#### [RECORDED INFORMATION]
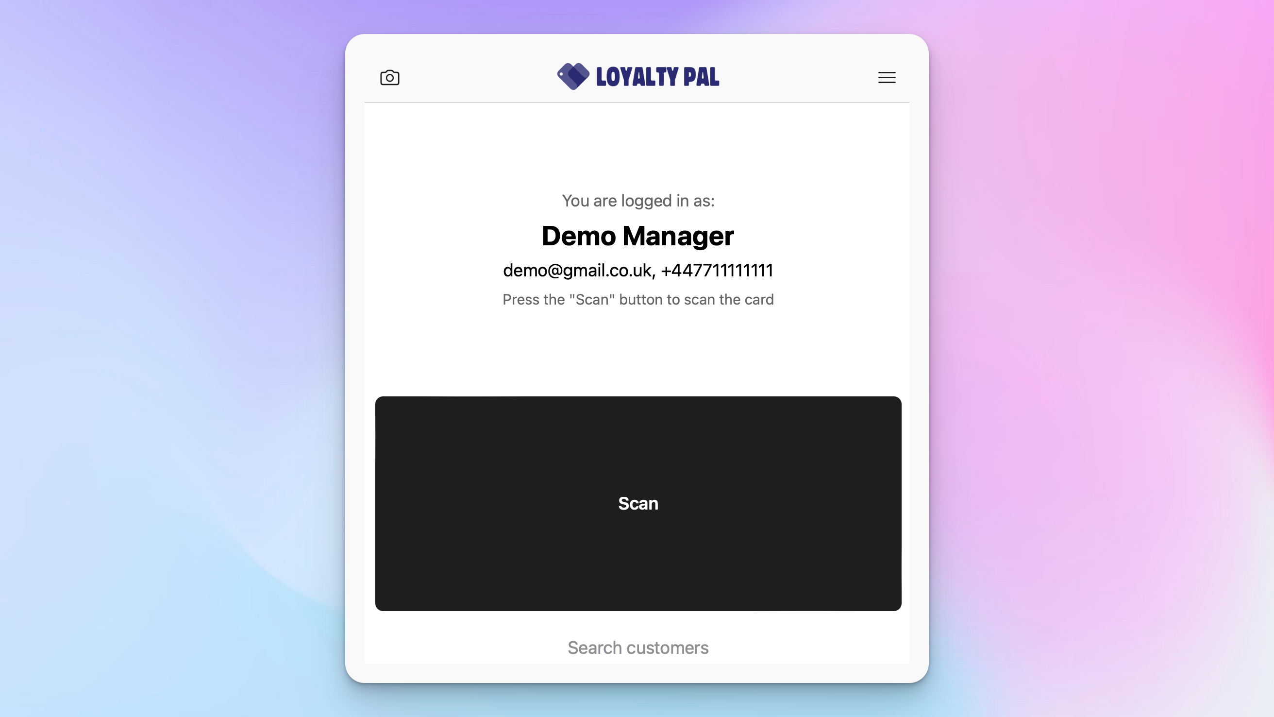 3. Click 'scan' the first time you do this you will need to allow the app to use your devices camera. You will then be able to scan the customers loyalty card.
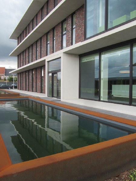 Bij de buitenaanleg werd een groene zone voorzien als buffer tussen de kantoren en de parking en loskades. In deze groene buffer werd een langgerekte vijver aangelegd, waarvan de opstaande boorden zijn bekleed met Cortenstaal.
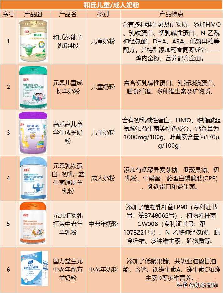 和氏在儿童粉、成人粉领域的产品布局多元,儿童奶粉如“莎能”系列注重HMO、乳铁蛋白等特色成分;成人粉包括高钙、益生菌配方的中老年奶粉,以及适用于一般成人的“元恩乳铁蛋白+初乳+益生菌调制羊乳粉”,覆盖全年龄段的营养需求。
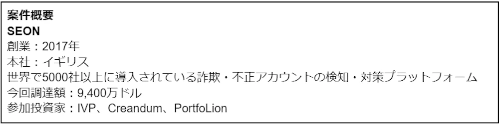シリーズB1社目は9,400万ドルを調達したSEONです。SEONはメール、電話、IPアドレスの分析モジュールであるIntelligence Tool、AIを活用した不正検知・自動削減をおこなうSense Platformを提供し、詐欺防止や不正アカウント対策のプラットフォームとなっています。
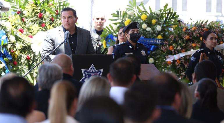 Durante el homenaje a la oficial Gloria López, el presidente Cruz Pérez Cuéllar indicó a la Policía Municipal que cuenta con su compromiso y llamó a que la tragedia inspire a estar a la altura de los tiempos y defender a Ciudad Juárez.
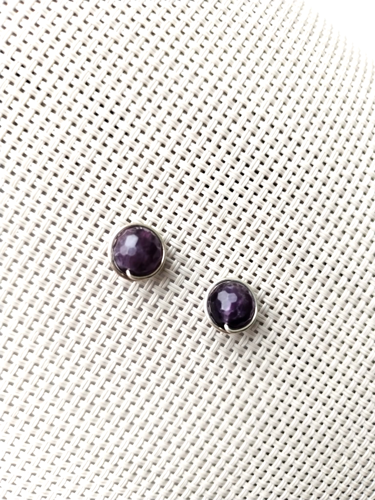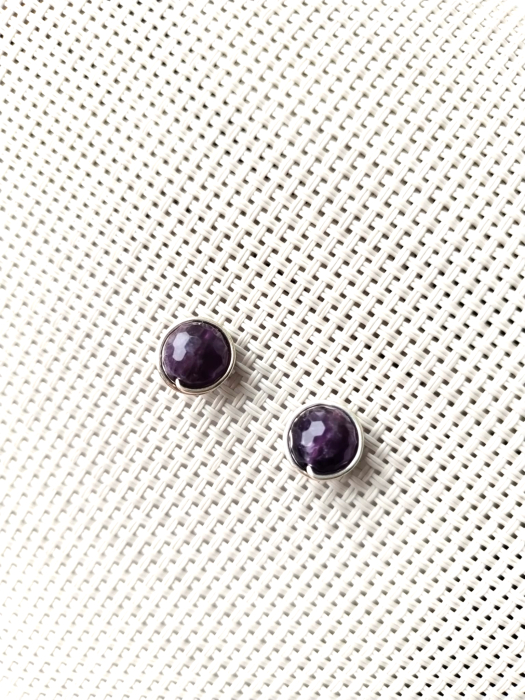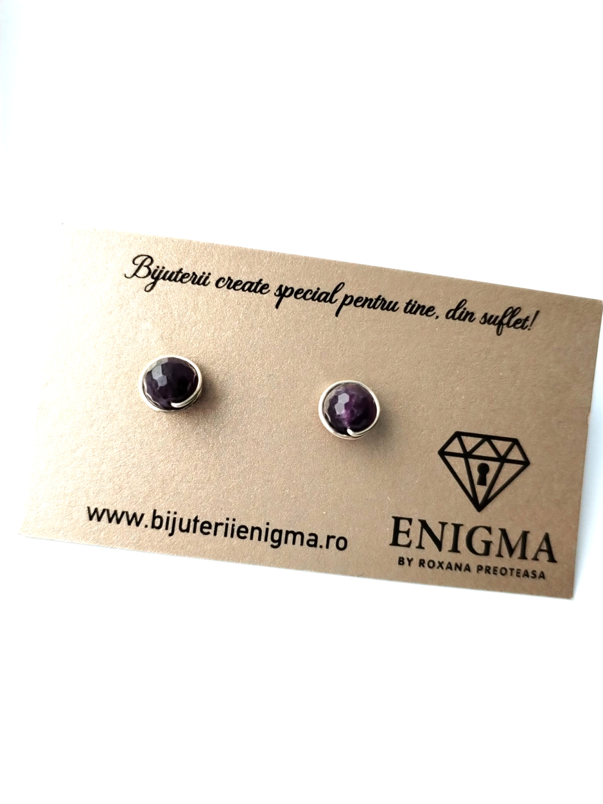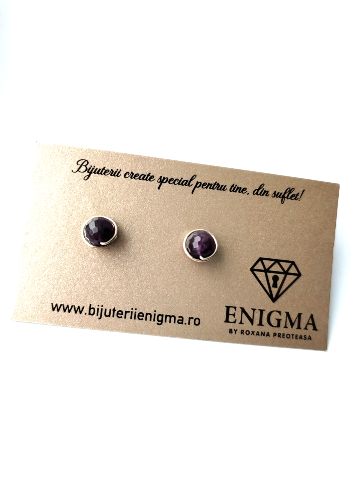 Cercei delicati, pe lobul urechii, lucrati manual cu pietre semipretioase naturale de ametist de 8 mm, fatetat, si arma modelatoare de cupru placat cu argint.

...

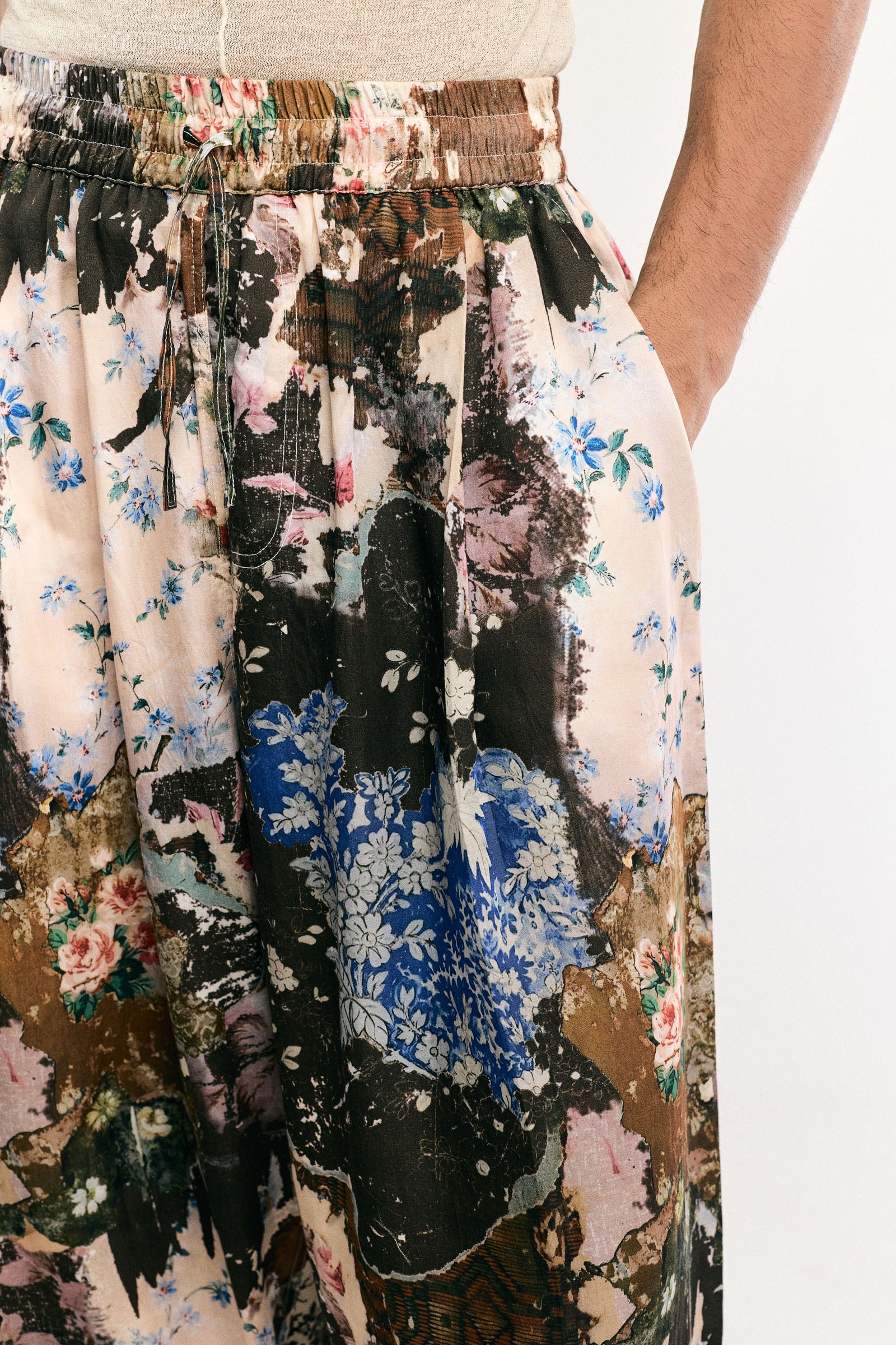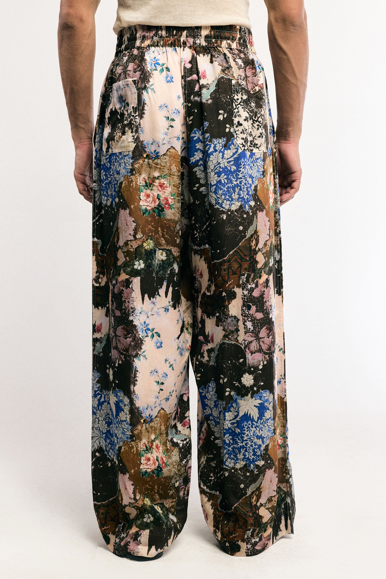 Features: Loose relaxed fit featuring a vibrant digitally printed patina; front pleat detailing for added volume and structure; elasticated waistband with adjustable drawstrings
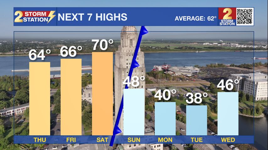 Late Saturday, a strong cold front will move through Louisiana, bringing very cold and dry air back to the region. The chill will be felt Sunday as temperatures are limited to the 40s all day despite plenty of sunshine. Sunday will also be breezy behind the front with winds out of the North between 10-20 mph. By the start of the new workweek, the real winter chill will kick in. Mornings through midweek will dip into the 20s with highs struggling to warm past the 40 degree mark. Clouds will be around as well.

---

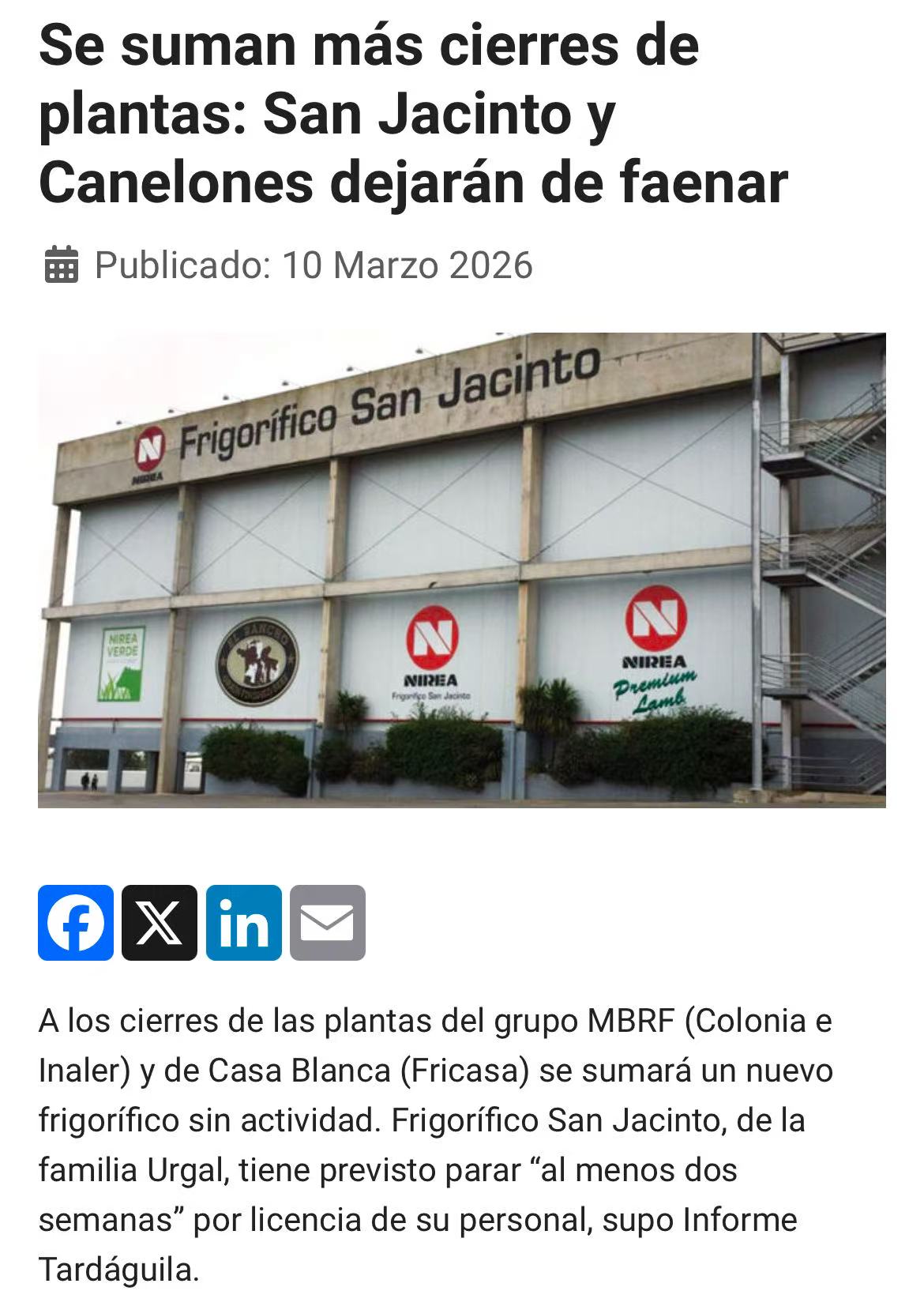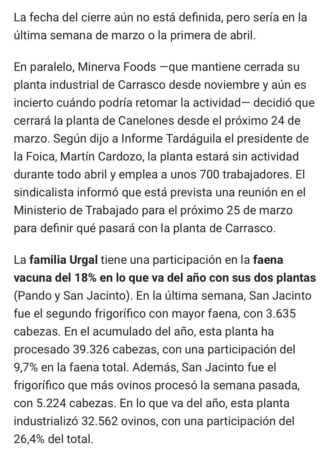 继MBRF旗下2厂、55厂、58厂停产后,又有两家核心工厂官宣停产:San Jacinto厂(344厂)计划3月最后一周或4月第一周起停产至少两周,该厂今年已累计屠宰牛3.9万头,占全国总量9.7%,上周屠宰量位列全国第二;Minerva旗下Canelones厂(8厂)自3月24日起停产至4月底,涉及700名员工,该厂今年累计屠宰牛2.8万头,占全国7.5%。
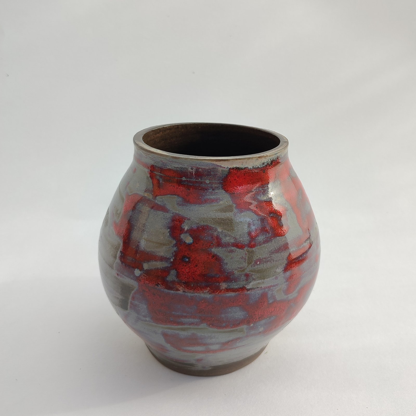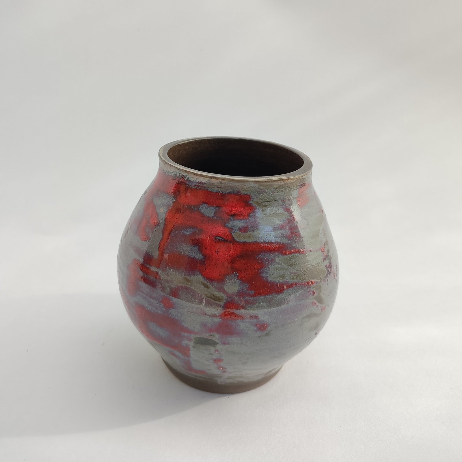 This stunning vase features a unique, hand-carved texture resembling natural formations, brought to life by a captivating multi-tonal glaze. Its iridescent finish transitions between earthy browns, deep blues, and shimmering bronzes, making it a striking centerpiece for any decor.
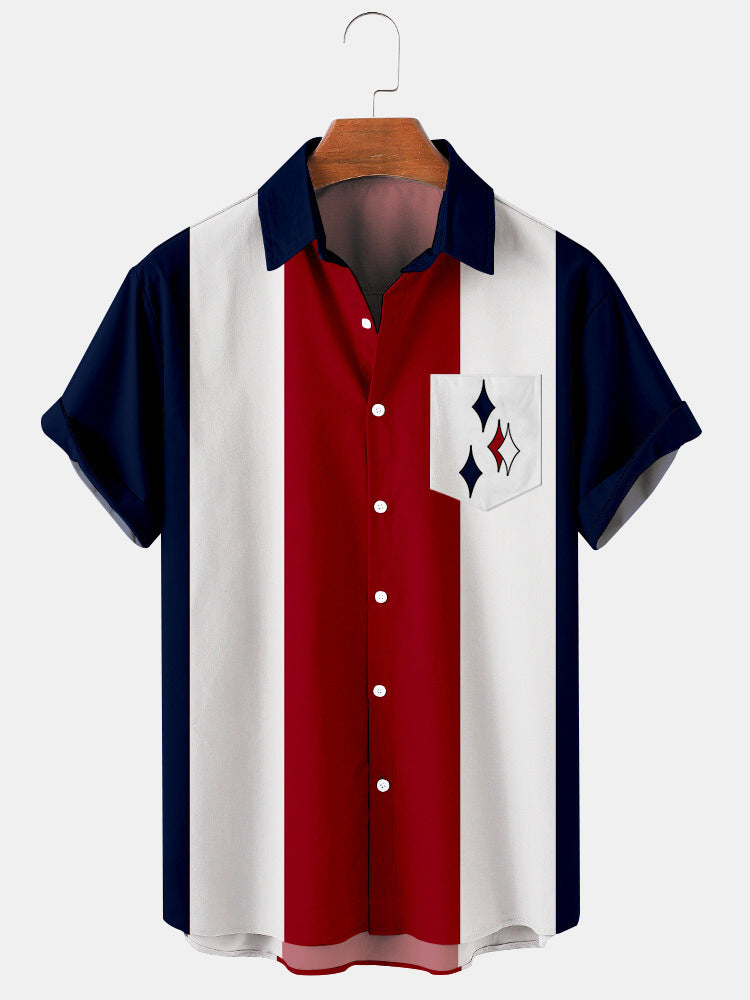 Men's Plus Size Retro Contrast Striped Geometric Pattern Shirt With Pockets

#### [TASK ITEM]
Return exactly the lines that appear in the data above between the line containing "3. Click 'scan'" and the line containing "Cercei delicati, pe", both of which are included, and leave the pictures out.

#### [SOLUTION]
 3. Click 'scan' the first time you do this you will need to allow the app to use your devices camera. You will then be able to scan the customers loyalty card.
 Bij de buitenaanleg werd een groene zone voorzien als buffer tussen de kantoren en de parking en loskades. In deze groene buffer werd een langgerekte vijver aangelegd, waarvan de opstaande boorden zijn bekleed met Cortenstaal.
 和氏在儿童粉、成人粉领域的产品布局多元,儿童奶粉如“莎能”系列注重HMO、乳铁蛋白等特色成分;成人粉包括高钙、益生菌配方的中老年奶粉,以及适用于一般成人的“元恩乳铁蛋白+初乳+益生菌调制羊乳粉”,覆盖全年龄段的营养需求。
シリーズB1社目は9,400万ドルを調達したSEONです。SEONはメール、電話、IPアドレスの分析モジュールであるIntelligence Tool、AIを活用した不正検知・自動削減をおこなうSense Platformを提供し、詐欺防止や不正アカウント対策のプラットフォームとなっています。
 Durante el homenaje a la oficial Gloria López, el presidente Cruz Pérez Cuéllar indicó a la Policía Municipal que cuenta con su compromiso y llamó a que la tragedia inspire a estar a la altura de los tiempos y defender a Ciudad Juárez.
 Cercei delicati, pe lobul urechii, lucrati manual cu pietre semipretioase naturale de ametist de 8 mm, fatetat, si arma modelatoare de cupru placat cu argint.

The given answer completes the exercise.